[Your assignment] Reproduce the data in full, exactly as given, leaving images out.

[Information provided]
______

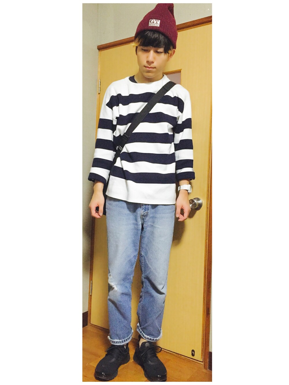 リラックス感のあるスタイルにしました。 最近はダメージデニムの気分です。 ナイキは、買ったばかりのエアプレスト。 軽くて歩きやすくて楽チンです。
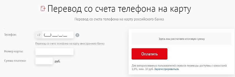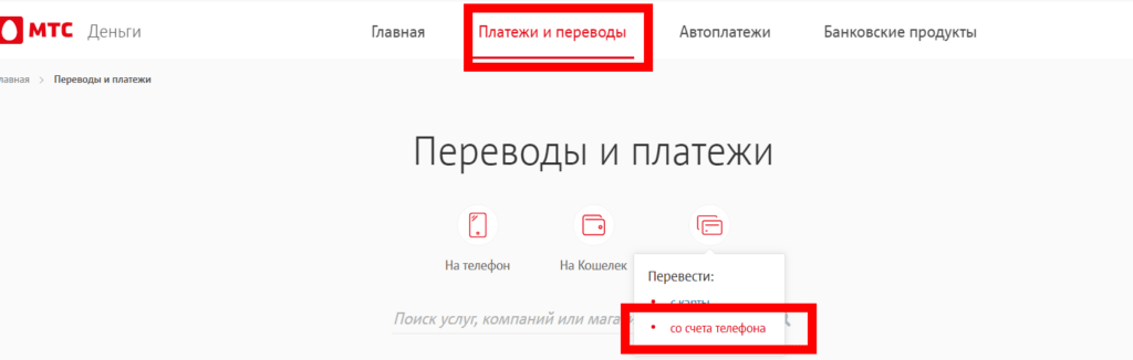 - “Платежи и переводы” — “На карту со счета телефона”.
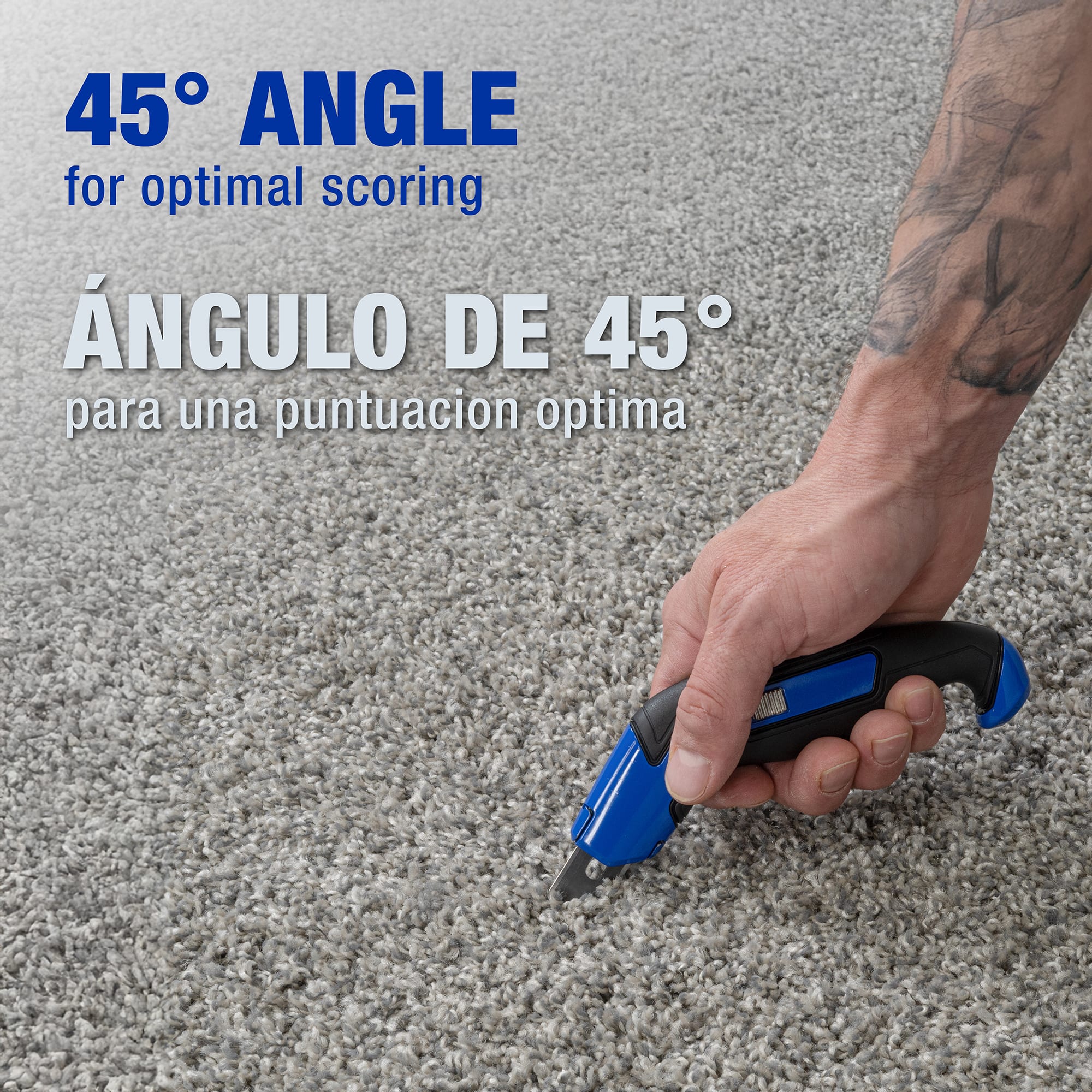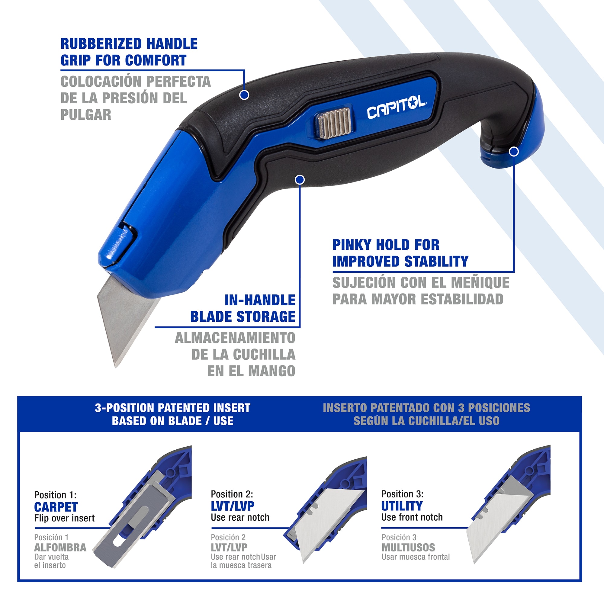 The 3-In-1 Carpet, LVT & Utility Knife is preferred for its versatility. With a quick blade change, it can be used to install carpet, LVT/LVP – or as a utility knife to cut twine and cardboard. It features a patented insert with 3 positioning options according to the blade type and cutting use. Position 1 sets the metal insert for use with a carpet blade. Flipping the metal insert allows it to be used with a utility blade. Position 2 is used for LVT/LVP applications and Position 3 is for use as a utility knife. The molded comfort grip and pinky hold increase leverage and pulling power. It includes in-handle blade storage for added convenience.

______

[Exercise response]
 リラックス感のあるスタイルにしました。 最近はダメージデニムの気分です。 ナイキは、買ったばかりのエアプレスト。 軽くて歩きやすくて楽チンです。
 - “Платежи и переводы” — “На карту со счета телефона”.
 The 3-In-1 Carpet, LVT & Utility Knife is preferred for its versatility. With a quick blade change, it can be used to install carpet, LVT/LVP – or as a utility knife to cut twine and cardboard. It features a patented insert with 3 positioning options according to the blade type and cutting use. Position 1 sets the metal insert for use with a carpet blade. Flipping the metal insert allows it to be used with a utility blade. Position 2 is used for LVT/LVP applications and Position 3 is for use as a utility knife. The molded comfort grip and pinky hold increase leverage and pulling power. It includes in-handle blade storage for added convenience.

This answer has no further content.